[Opening TASK DATA section]

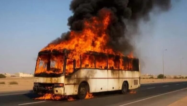 ही बस डिझेल टँकरला धडकल्यानंतर काही सेकंदांतच ज्वाळांनी वेढली गेली. त्यामुळे आत अडकलेल्या प्रवाशांना बाहेर पडण्याची संधीच मिळाली नाही. प्राथमिक माहितीनुसार, बसमध्ये ४२ भारतीय प्रवासी होते आणि सर्वांच्या मृत्यूची भीती वर्तविण्यात येत आहे.
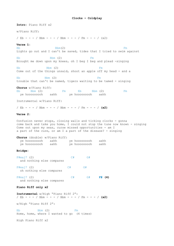 Clocks Sheet Music Coldplay Guitar Chords Lyrics
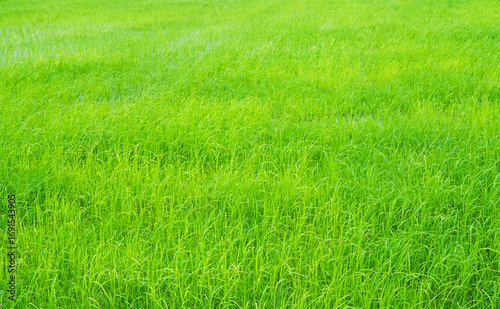 © wing-wing, Obraz premium Rice field background, jasmine rice organic agriculture farm raw food ingredient traditional asian, green grass landscape environment zero carbon energy eco concept.
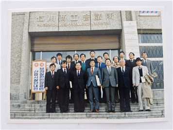 저는 고향이 충청도예요. 충청도에서 아무 연고가 없는 인천에 오게 된 것은 형님이 부평에 살고 있었는데 그때 향동기업 주식회사를 창업하는 단계였습니다. 군대 제대하자마자 그 기업을 일으키기 위해서 인천에 왔죠. 그 회사 명칭은 향동기업 주식회사로 하는 일은 sp라고 해서 세크리터리 폴리스 경비 용역업체. 경비 용역을 따내는 과정에서 기존 업체와 경합이 붙었어요. 입찰에서 우리가 탈락해가지고 형은 바로 미국으로 이민을 떠나고 나는 그때 특채로 인천상공회의소에 들어갔죠. 거기서 하는 일이 조사 업무였어요. 감정 업무, 물가 조사 업무라든지 이런 업무를 했습니다. 그게 69년도 3월입니다. 그러고 나서 아마 1년 채 안 돼서 무슨 일 때문에 내가 사표를 내니까 그때 권혁환 사무국장이신 이 어른이 인천 초대 시의회 의장을 지내신 분이었어요. 아주 고명하신 분인데 이분이 좀 더 있어 보면 좋은 일 있을 거라고 국장님의 만류로 그냥 눌러앉아서 계속 근무를 했습니다.
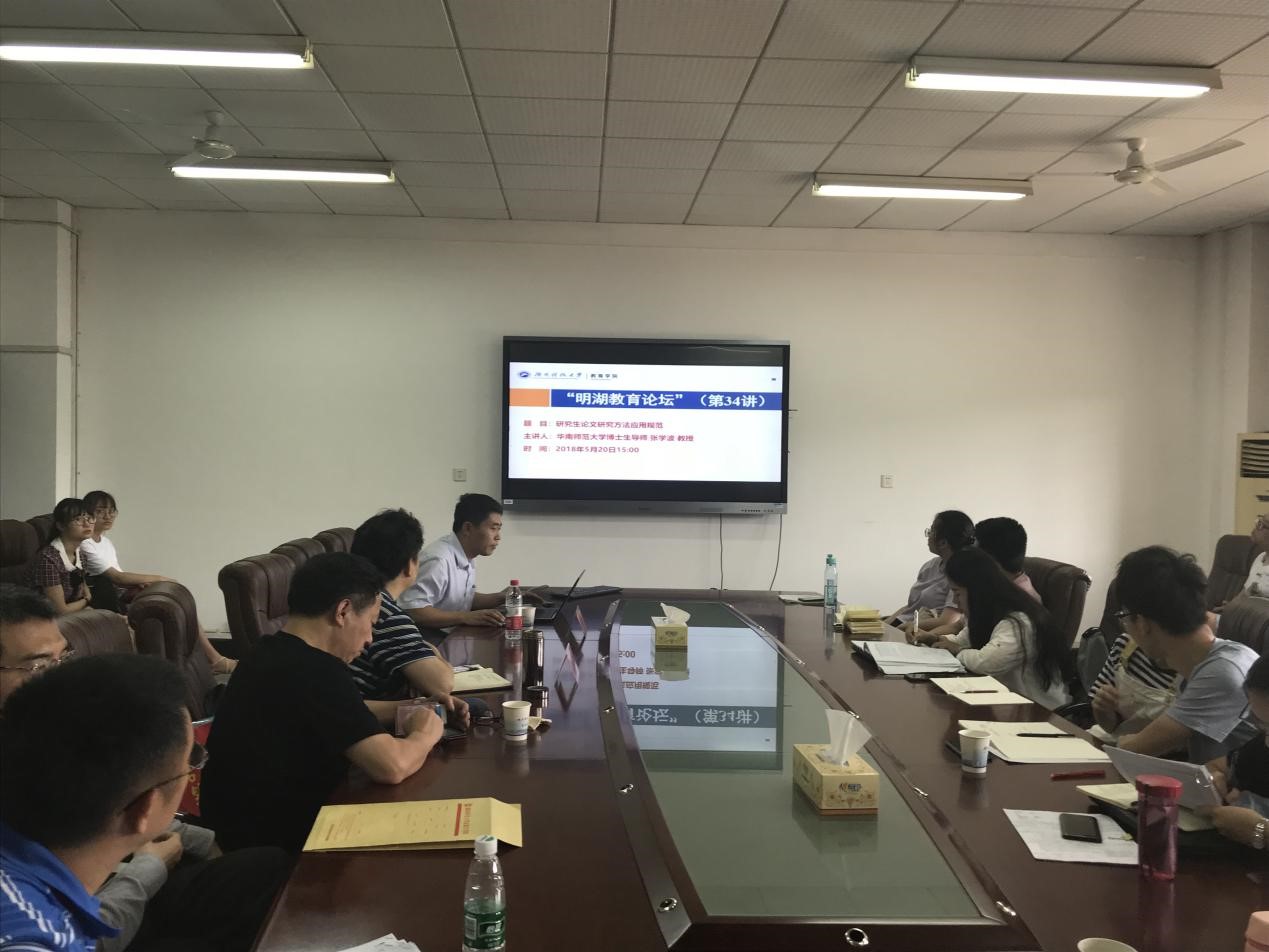2018年5月20日下午,华南师范大学博士生导师张学波教授做客“明湖教育论坛”,为公司师生带来了题为“研究生论文研究方法应用规范”的学术报告。报告会由球盟会副经理谭千保主持。

[Closing TASK DATA section]

__TASK OBJECTIVE__: Please copy the data above exactly, omitting the pictures.

__EXERCISE OUTPUT__:
 ही बस डिझेल टँकरला धडकल्यानंतर काही सेकंदांतच ज्वाळांनी वेढली गेली. त्यामुळे आत अडकलेल्या प्रवाशांना बाहेर पडण्याची संधीच मिळाली नाही. प्राथमिक माहितीनुसार, बसमध्ये ४२ भारतीय प्रवासी होते आणि सर्वांच्या मृत्यूची भीती वर्तविण्यात येत आहे.
 Clocks Sheet Music Coldplay Guitar Chords Lyrics
 © wing-wing, Obraz premium Rice field background, jasmine rice organic agriculture farm raw food ingredient traditional asian, green grass landscape environment zero carbon energy eco concept.
 저는 고향이 충청도예요. 충청도에서 아무 연고가 없는 인천에 오게 된 것은 형님이 부평에 살고 있었는데 그때 향동기업 주식회사를 창업하는 단계였습니다. 군대 제대하자마자 그 기업을 일으키기 위해서 인천에 왔죠. 그 회사 명칭은 향동기업 주식회사로 하는 일은 sp라고 해서 세크리터리 폴리스 경비 용역업체. 경비 용역을 따내는 과정에서 기존 업체와 경합이 붙었어요. 입찰에서 우리가 탈락해가지고 형은 바로 미국으로 이민을 떠나고 나는 그때 특채로 인천상공회의소에 들어갔죠. 거기서 하는 일이 조사 업무였어요. 감정 업무, 물가 조사 업무라든지 이런 업무를 했습니다. 그게 69년도 3월입니다. 그러고 나서 아마 1년 채 안 돼서 무슨 일 때문에 내가 사표를 내니까 그때 권혁환 사무국장이신 이 어른이 인천 초대 시의회 의장을 지내신 분이었어요. 아주 고명하신 분인데 이분이 좀 더 있어 보면 좋은 일 있을 거라고 국장님의 만류로 그냥 눌러앉아서 계속 근무를 했습니다.
2018年5月20日下午,华南师范大学博士生导师张学波教授做客“明湖教育论坛”,为公司师生带来了题为“研究生论文研究方法应用规范”的学术报告。报告会由球盟会副经理谭千保主持。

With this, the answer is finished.